Why do I need a 'strategy' for the emergency fund? Because I believe
in having backup plans! Just in case something goes wrong like you
can't get to the bank, you lose your debit/credit card, the internet
explodes, etc.
So I decided to do something like this:
- 6 months' expenses in a long-term account e.g. 3yr deposit postal account
- 1 month's salary in your current account as a backup (like one of the YNAB principles)
- household item replacement fund in a simple online savings account linked to your current (checking) account - this is where you save a bit to replace your kettle/oven/etc. in case it breaks
- credit card (e.g. 0%) that you don't use. Then if you have the emergency like you spilt water all over your tv, you can buy a new one on the credit card and pay it off with the household item replacement fund.
Of course, you may have contents insurance, but you just need to
be careful your premium wouldn't go up too much if you claimed a new
oven/tv etc. through the accidental damage coverage. I guess this is the
same as for minor car accidents, sometimes it's just cheaper to pay for
the repair, rather than claim it on the insurance as the premium could
jump horrendously.
There are a few sneaks you can do to make it easier too, such as use the kind of credit card that gives cashback/airmiles/tesco points/etc. as long as you pay it off every month. That way, you're essentially getting free money, or cash equivalents that you can use to put towards emergency funds or whatever else you want!
You may be thinking: "Hmmm, that's a lot of cash lying around that could be invested". Well, yes it is a fair bit, but that is because only one of us is working right now, and we have a young child, so we don't want to take any chances. Plus, he's trying to walk right now, so I foresee potential broken TVs and the like, hence the desire for household item replacement fund!

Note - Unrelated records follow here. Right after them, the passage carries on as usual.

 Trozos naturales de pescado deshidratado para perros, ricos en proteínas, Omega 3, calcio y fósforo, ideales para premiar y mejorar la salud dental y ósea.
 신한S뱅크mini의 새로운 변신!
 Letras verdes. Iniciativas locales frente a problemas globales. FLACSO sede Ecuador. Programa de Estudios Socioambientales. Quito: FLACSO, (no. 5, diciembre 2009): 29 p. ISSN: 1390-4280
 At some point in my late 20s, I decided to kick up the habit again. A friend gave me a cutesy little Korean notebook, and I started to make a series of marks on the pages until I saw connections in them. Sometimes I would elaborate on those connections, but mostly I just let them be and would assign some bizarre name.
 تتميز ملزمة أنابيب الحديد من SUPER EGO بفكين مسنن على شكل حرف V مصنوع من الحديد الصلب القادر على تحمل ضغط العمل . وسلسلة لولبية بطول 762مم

Everybody's situation is different. If I were single and childless, I would just have 3 months'+ of emergency fund, the backup 1 months' salary, and the rest I'd just add to value/dividend growth investments.

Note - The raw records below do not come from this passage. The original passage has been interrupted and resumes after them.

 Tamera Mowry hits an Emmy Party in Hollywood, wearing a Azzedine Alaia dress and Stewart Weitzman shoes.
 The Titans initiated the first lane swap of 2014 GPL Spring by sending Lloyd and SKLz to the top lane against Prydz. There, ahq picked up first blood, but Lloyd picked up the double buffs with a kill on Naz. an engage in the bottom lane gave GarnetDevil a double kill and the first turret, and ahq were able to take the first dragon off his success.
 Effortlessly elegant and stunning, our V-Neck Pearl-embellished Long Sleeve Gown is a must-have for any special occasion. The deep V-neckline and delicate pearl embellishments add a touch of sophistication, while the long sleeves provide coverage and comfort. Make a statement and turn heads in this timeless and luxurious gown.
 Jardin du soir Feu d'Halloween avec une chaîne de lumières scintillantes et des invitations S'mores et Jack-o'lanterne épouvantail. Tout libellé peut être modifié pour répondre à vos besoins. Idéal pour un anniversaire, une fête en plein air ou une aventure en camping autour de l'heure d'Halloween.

Clearly, if you can't get inflation-beating returns, then it also may not be worth it, but in our case we managed to get an account that pays RPI (usually the higher of the two inflation measures) plus 0.5%, so we are guaranteed to be ahead of inflation. If you cannot get something like this, then you may be better off keeping an unused credit card and putting the rest into dividend growth stocks.

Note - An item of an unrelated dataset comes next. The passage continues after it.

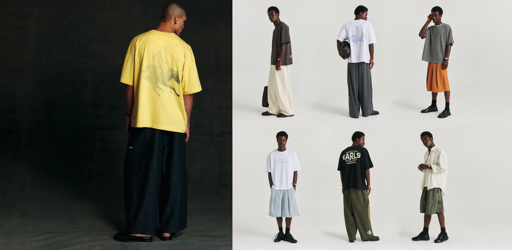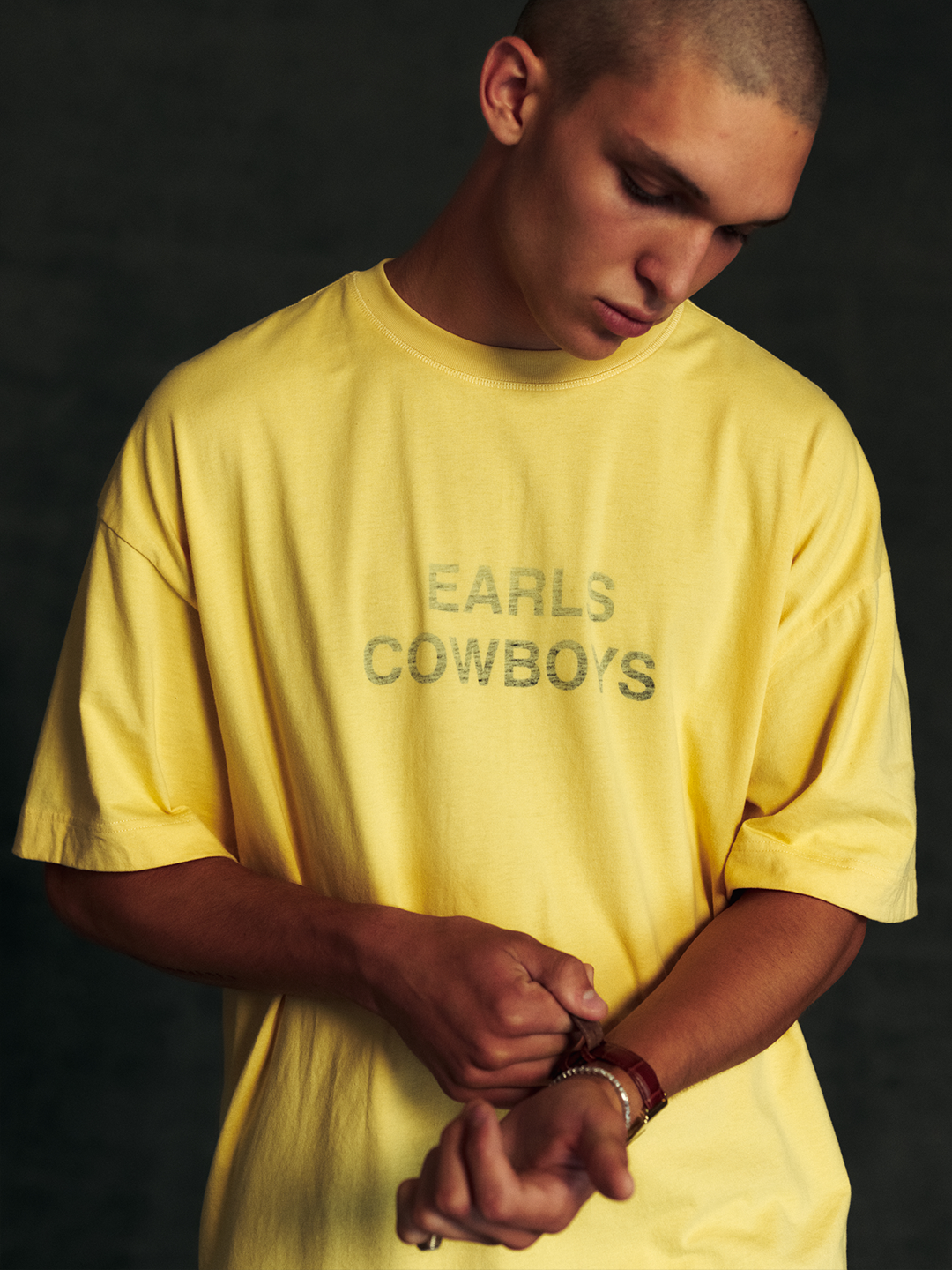 The Cowboys Tee is a lightweight take on a boxy, slightly cropped silhouette. Crafted from 160gsm cotton, it’s designed for breathability with a soft, relaxed hand feel. Screen printing is applied to the reverse and intended to show through the fabric, creating a subtle, worn-in graphic effect. Overlocked seams and a slightly contrasting neck rib add understated character, while earls westernwearsize labelling and a pip label at the wearer’s left side seam finish the piece with considered detail.

The other advantage of having a replacement item fund for us in particular, is that most stuff in our house is at least ten years' old. We have been really lucky I suppose, but we do try to look after our stuff. The PC I'm writing on is 11 yrs old! I also have another one which is something like 13+ yrs old. I have just upgraded them as and when I could, e.g. by maxing out the RAM, like Lanny did, or getting a better HD, additional storage, etc.
Reminder: I am not a financial advisor, you should make your own decisions consulting a registered professional if needs be.